INARI’s 1QFY23 results missed expectations. Its revenue dipped 12.6% on weaker RF and automotive segments. We expect the subsequent quarters to remain muted as the US smartphone company has warned of worsening supply chain struggles due to China’s zero-Covid policy. We cut our FY23-24F net profit forecasts by 7.1-4.6%, reduce our TP by 17% to RM2.85 (from RM3.45) and downgrade our call to MARKET PERFORM from OUTPERFORM.
Below expectations. 1QFY23 net profit of RM100.5m (-4.8% YoY) represented 25% and 24% of our forecast and the consensus estimate, respectively. However, we deem the result to be below expectation given that 1Q should typically exhibit stronger earnings in conjunction with the start of the new US smartphone launch cycle.
Results’ highlights. YoY, 1QFY23 revenue fell 12.6% on lower loading volume for its radio frequency (RF) filters segment as well as the prolonged supply chain challenge impacting its automotive business. The decline in the RF segment was in tandem with the latest results released from the US smartphone manufacturer in which sales fell short of market expectation. As a result, 1QFY23 net profit saw a 4.8% decline after stripping out unrealised foreign exchange gain of RM5.7m.
Doubtful Christmas season. Having started the new smartphone cycle on a subdued note, we expect the subsequent quarter’s performance to remain muted owing to the challenging macro environment that is impacting consumer’s appetite for premium goods. Not helping either is the fact that the US smartphone customer has also warned about longer-than-expected delivery time in the coming festive season due to on-going supply chain challenges resulting from China’s zero-Covid policy.

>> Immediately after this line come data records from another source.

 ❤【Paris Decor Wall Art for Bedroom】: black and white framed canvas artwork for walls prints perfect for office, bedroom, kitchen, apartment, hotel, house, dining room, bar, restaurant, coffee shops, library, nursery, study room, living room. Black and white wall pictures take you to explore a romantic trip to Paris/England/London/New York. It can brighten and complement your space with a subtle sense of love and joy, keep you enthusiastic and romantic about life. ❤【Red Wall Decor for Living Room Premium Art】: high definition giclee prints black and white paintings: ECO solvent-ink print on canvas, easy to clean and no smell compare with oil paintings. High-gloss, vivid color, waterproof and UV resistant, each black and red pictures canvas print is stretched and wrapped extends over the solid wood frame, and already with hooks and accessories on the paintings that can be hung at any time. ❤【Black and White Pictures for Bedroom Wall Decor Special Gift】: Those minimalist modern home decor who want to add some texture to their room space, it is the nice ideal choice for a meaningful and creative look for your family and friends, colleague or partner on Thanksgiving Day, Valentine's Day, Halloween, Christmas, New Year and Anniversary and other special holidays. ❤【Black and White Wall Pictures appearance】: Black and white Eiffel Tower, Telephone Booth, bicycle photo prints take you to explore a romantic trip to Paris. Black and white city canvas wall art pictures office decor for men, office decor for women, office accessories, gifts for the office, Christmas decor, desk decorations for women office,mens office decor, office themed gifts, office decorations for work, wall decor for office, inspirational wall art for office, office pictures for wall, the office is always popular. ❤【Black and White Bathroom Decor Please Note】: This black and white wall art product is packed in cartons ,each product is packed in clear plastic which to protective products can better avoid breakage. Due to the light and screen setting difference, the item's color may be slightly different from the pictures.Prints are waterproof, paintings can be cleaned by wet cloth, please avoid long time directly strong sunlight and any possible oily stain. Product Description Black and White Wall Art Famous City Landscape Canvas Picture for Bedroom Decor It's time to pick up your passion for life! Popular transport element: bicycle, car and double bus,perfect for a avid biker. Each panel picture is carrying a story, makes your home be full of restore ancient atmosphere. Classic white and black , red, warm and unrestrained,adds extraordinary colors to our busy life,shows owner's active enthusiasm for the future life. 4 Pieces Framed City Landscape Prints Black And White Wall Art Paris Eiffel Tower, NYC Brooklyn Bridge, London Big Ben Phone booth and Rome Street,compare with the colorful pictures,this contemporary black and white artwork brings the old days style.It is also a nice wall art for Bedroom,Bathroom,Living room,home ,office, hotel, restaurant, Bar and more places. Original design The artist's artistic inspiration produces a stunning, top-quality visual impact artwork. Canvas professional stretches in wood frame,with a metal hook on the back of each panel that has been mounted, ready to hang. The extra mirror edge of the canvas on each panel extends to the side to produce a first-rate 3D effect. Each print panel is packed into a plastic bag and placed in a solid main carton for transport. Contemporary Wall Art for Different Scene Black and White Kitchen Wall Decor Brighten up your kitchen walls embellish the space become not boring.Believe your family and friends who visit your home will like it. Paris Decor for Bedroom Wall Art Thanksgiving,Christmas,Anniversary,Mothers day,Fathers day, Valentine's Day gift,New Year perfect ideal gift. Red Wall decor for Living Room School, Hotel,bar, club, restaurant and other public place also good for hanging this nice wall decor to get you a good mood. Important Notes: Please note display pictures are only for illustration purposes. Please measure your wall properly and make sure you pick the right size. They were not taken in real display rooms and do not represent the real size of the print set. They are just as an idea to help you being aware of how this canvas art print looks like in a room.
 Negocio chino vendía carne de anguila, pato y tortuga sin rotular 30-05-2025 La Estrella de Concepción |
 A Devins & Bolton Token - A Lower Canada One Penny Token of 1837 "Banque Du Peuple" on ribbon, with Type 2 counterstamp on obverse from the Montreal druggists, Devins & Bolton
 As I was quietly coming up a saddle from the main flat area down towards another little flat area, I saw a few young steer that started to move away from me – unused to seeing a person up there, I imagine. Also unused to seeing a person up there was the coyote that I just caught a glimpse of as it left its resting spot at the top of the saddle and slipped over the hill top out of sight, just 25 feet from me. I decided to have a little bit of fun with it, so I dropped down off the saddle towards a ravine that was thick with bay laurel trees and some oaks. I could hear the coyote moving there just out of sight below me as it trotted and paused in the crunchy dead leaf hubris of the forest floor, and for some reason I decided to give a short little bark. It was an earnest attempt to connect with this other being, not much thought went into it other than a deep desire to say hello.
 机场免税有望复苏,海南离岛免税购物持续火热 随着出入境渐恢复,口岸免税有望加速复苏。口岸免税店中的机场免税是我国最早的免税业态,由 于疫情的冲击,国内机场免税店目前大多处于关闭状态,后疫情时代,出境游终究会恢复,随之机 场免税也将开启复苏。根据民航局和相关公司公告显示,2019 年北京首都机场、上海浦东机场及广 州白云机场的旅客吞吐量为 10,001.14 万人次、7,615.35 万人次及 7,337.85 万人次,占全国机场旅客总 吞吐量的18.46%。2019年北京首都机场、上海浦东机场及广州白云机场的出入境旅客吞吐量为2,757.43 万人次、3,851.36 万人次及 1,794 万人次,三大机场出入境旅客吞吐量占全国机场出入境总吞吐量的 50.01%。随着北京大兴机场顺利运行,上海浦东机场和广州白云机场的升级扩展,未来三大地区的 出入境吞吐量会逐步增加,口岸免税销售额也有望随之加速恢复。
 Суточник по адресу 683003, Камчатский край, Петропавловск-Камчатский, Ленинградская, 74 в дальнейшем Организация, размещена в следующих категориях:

Forecasts. Trim FY23F/FY24F CNP by 7.1%/4.6% to reflect the slower momentum in the US smartphone sales which will dampen the earnings in the group’s RF segment that makes up c.63% of the total group revenue.
Downgrade to MARKET PERFORM with a lower TP of RM2.85 (previously RM3.45) based on a lower 25x CY23F PER (previously 28.5x), which is in line with peers’ forward mean. We like INARI for: (i) it being the closest proxy to 5G adoption, (ii) it being highly responsive to the market demand with the rollout of new technologies such as double-sided moulding (DSM) and system-onmodule (SOM) in the recent past, and (iii) its significant expansion in China, capitalising on the superpower’s aggressive push for semiconductor self-sufficiency. However, we remain cautious due to the waning consumer demand in the smartphone market while its JV venture may only contribute meaningfully in 2HFY24. Our target price imputes a +5% adjustment based on its ESG rating of 4-star as appraised by us (see Page 4).
Risks to our call include: (i) better-than-expected response to new offerings by its key customer, (ii) easing in supply chain delays, and (iii) earlier-than-expected ramp-up in its China expansion.